» PROBLEM
Would you retype exactly the lines from the one holding "Штани графітового кольору" through the last line of the listing, and only those, without pictures?

» RECORDS PROVIDED
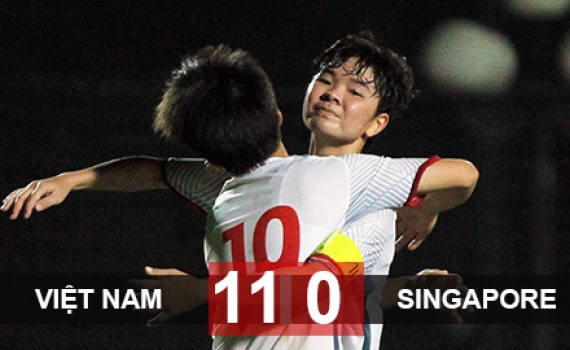 Chiến thắng 11-0 trước U19 nữ Singapore giúp U19 nữ Việt Nam tạm vượt lên U19 nữ Jordan nhờ hơn về hiệu số bàn thắng bại.
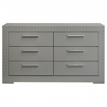 Ives 6-drawer Dresser Cabinet Grey High Gloss
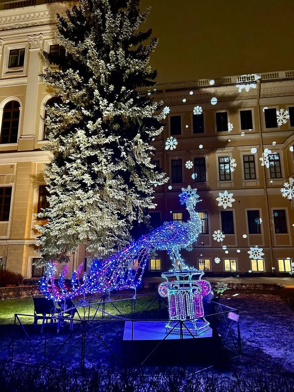 Прогуливаясь по Невскому проспекту, загляните во дворик Аничкова дворца. Там вас ждут сказочные персонажи. Здания украшены световыми снежинками❄. Приходите насладиться этой красотой! Вход свободный.
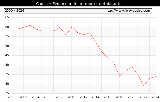 el numero de habitantes en Cados era de 34, 1 habitantes mas que el en el año 2023. En el grafico siguiente se puede ver cuantos habitantes tiene Cados a lo largo de los años.
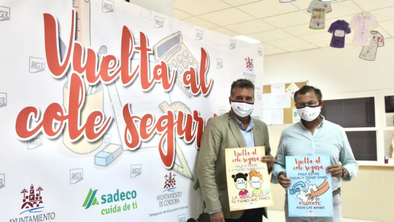 El teniente de alcalde delegado de Infraestructuras y presidente de la empresa municipal Saneamientos de Córdoba (Sadeco), David Dorado (Cs), y el delegado de Educación e Infancia del Ayuntamiento de Córdoba, Manuel Torrejimeno (Cs), han informado este miércoles de la campaña para la vuelta al cole, en la que desde Sadeco se reparten 22.000 mascarillas reutilizables para todos los niños de Primaria de "todos los colegios de la ciudad, sin distinción de que sean colegios privados, públicos o concertados", así como a profesores.
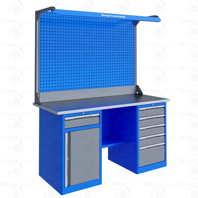 Двухтумбовый. Допустимая нагрузка на столешницу 1000 кг. Опорные элементы выполнены сварными из холоднокатаной стали. Для выполнения сборочных, ремонтных, слесарных, монтажных и других видов работ на производстве, в сервисных центрах, мастерских, гаражах, а также для обучения технологии в учебных заведениях. Комплектуется полкой-стенкой, расположенной под столешницей для удобного размещения габаритного инструмента и оснастки. Размеры верстака: 855x1596x696 мм. Вес: 107 кг. Поставляется в 4 комплектациях на выбор.
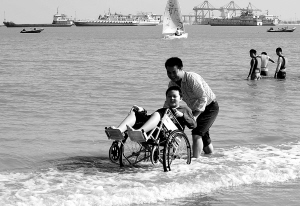 | 10日上午10时,在假日海滩,来自山西运城的残障少年周新烨第一次看到了大海,开心得欢叫起来。这一天,假日海滩被评为国家4A景区。 本报记者 王军 摄 |
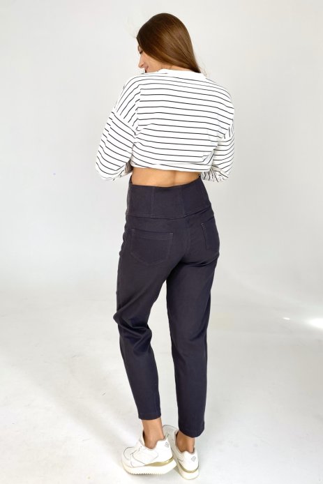 Штани графітового кольору з джинс- коттону - це стильний та комфортний одяг для вагітних, спеціально розроблений для жінок, які очікують дитину. Вони мають високу трикотажну вставку, яка підтримує живіт вагітної, забезпечуючи комфорт та підтримку.
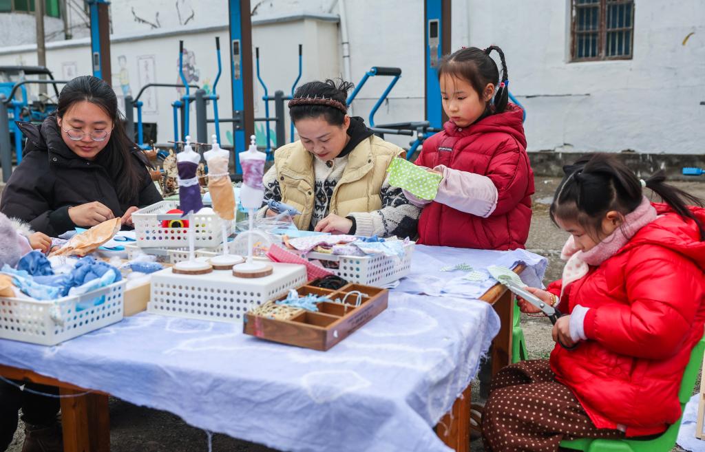 1月23日,东白湖镇元培幼儿园的老师带着孩子们在乡村年味大集上做手工。

» FINISHED TASK
 Штани графітового кольору з джинс- коттону - це стильний та комфортний одяг для вагітних, спеціально розроблений для жінок, які очікують дитину. Вони мають високу трикотажну вставку, яка підтримує живіт вагітної, забезпечуючи комфорт та підтримку.
 1月23日,东白湖镇元培幼儿园的老师带着孩子们在乡村年味大集上做手工。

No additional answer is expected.